As explained in Amodeo, McCarthan made clear that the most important words in the saving clause are “remedy” and “test.” Amodeo, 984 F.3d at 998 (citing McCarthan, 851 F.3d at 1099). In Amodeo, the court emphasized that a “motion to vacate is inadequate or ineffective to test the legality of a prisoner's detention only when it cannot remedy a particular kind of claim.” Amodeo, 984 F.3d at 998 (citing McCarthan, 851 F.3d at 1099). If § 2255 offers a remedy for a particular kind of claim, a motion filed under it provides a meaningful opportunity to test that kind of claim, and the saving clause does not apply. See Amodeo, 984 F.3d at 998. As the Eleventh Circuit stated in Amodeo:
In McCarthan we . . . explained that our interpretation of the § 2255(e) language recognizes two categories of cases that fit within the saving clause and permit federal prisoners to seek relief under § 2241. [851 F.3d at 1092-93].
The first category comprises cases in which a federal prisoner seeks “to challenge the execution [as opposed to the legality] of his sentence, such as the deprivation of good-time credits or parole determinations.” Id. (emphasis added).
The second category of cases that fit within the narrow confines of the saving clause are those in which the sentencing court is unavailable or dissolved, or where practical considerations like “multiple sentencing courts” prevent a federal prisoner from filing a § 2255 motion. McCarthan, 851 F.3d at 1093. As we have mentioned, a § 2255 motion must be filed with the sentencing court, 28 U.S.C. § 2255(a), and it cannot provide a remedy for a claim when the court in which the prisoner must file the motion is not available or no longer exists.Amodeo, 984 F.3d at 998-1000 (footnote omitted). “Only in those kinds of limited circumstances is the remedy by [§ 2255] motion inadequate or ineffective to test the legality of a federal prisoner's detention.” Amodeo, 984 F.3d at 1000 (internal quotation marks and citations omitted).

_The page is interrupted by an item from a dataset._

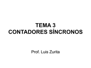 Este documento describe el funcionamiento de contadores síncronos de 2, 3 y 4 bits. Explica que en los contadores síncronos los flip-flops reciben la señal de reloj al mismo tiempo gracias al retardo entre ellos. Propone ejercicios prácticos usando contadores como 74160, 74163 para contar personas, botellas, vehículos y más.

Here, Lamar's habeas claims, set forth supra, clearly do not fit within the limited categories of cases recognized as qualifying within the narrow confines of the saving clause. Therefore, the court lacks jurisdiction to consider his habeas claims.
III. CONCLUSION
A § 2255 motion is Lamar's exclusive vehicle for presenting the collateral challenges to his judgment and sentence asserted in his § 2241 petition. This case does not fit within the narrow confines of the saving clause of § 2255(e), as interpreted by the Eleventh Circuit in McCarthan. Therefore, Lamar's habeas petition should be dismissed for lack of jurisdiction.

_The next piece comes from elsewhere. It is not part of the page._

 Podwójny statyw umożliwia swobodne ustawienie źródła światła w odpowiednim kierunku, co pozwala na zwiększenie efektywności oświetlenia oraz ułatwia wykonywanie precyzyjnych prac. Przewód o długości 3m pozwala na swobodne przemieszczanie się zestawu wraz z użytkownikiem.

Accordingly, it is respectfully RECOMMENDED:
1. Respondent's motion to dismiss for lack of jurisdiction (ECF No. 10) be GRANTED and the habeas petition (ECF No. 1) DISMISSED for lack of jurisdiction.

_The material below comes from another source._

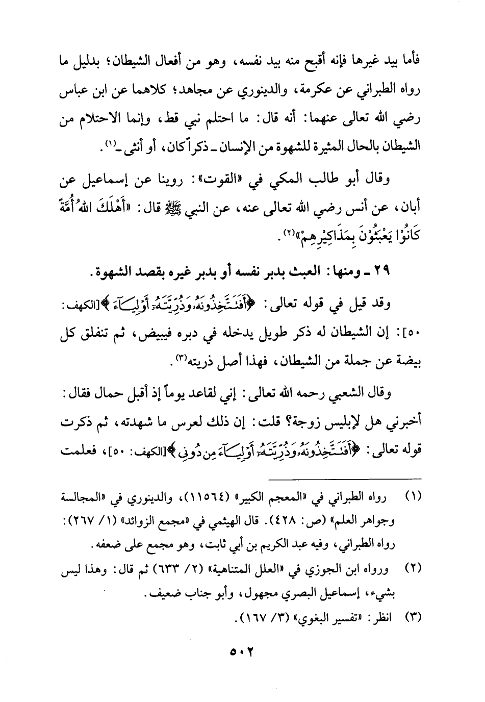 فأما بيد غيرها فإنه أقبح منه بيد نفسه، وهو من أفعال الشيطان؛ بدليل ما رواه الطبراني عن عكرمة، والدينوري عن مجاهد؛ كلاهما عن ابن عباس رضي الله تعالى عنهما: أنه قال: ما احتلم نبي قط، وإنما الاحتلام من الشيطان بالحال المثيرة للشهوة من الإنسان -ذكرًا كان، أو أنثى- (¬1).
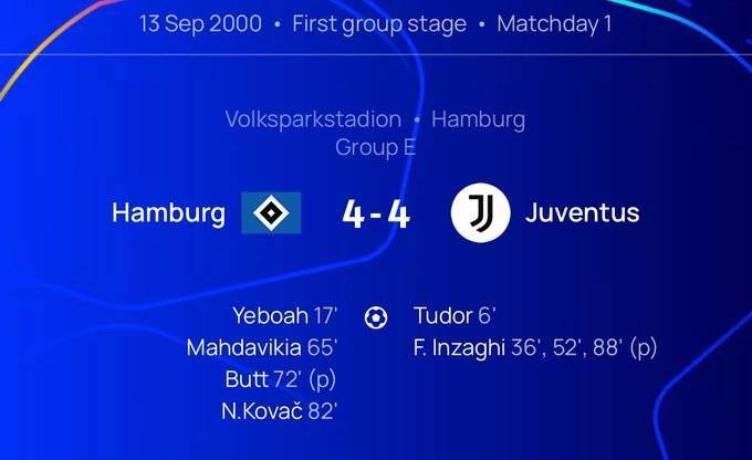 有数据统计称,上次尤文在欧冠与对手踢出4-4的比分还要追溯到25年前,2000年9月13日客场对阵汉堡,因扎吉上演帽子戏法并在第88分钟打进绝平点球。

2. The clerk of court be directed to enter judgment accordingly and close the case.
NOTICE TO THE PARTIES
Objections to these proposed findings and recommendations must be filed within fourteen days of the date of the Report and Recommendation. Any different deadline that may appear on the electronic docket is for the court's internal use only and does not control. An objecting party must serve a copy of the objections on all other parties. A party who fails to object to the magistrate judge's findings or recommendations contained in a report and recommendation waives the right to challenge on appeal the district court's order based on unobjected-to factual and legal conclusions. See 11th Cir. Rule 3-1; 28 U.S.C. § 636.